ここが弱ければ、広告費だけが消えていきます。

応募を決めるのは求人票――”最後の面接官”

成功する会社は実は決まっている

この広告手法で成果が出る会社には共通点があります。例えば、給与は悪くない、休日も業界平均以上、福利厚生も整っている、教育制度もある。でも、求人票が弱い。会社の魅力が伝わっていない。そんな企業です。

つまり、採用力はあるのに、発信力だけが弱い会社。こういう企業は広告との相性が非常に良いです。

一方で苦戦する会社

逆に、待遇そのものが競合より弱い会社。この場合、広告は大量に人を連れてきます。しかし、比較され、離脱され、クリック費用だけが積み上がります。

広告会社は集客できます。でも応募は企業側の求人力で決まります。ここを混同してしまうと、「広告は回っているのに応募が来ない」という状態になります。

広告と相性の良い会社、苦戦する会社

広告業界では昔から、「広告は営業マンを連れてくるだけ」と言われます。最後に契約を取るのは営業です。
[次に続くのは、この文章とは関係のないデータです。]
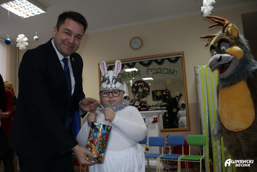 Во время акции воспитанников центра коррекционно-развивающего обучения и реабилитации в Ошмянах ждали новогодние сюрпризы. Ребята принимали поздравления и подарки от заместителя председателя Гродненского облисполкома Виктора Пранюка, председателя Ошмянского райисполкома Владислава Гершгорина.

採用なら、広告は求職者を連れてくるだけ。最後に応募を決めるのは求人票です。つまり、広告だけ改善しても意味がありません

Web担当者として思うこと

私は広告運用そのものを否定しているわけではありません。むしろ、ターゲティング広告は非常に優秀です。だからこそ、「広告だけ変えれば採用できる」という伝え方には違和感があります。

広告はアクセル。求人内容はエンジン。エンジンが弱ければ、アクセルを踏んでも前には進みません。

まとめ:広告・求人内容・待遇の三位一体こそが成果を生む

採用市場では、次々と新しい言葉が生まれます。AI採用。ターゲティング採用。ダイレクト配信。でも、その多くは広告業界では何年も前から使われてきた考え方です。

本当に見るべきなのは、「どんな広告を使うか」ではなく、「求人そのものに選ばれる理由があるか」。採用は広告だけでは成功しません。

広告・求人内容・待遇。この3つがそろって初めて成果につながります。

Web運用を長く見てきた立場からすると、結局そこだけは、10年前も今も変わっていないと感じています。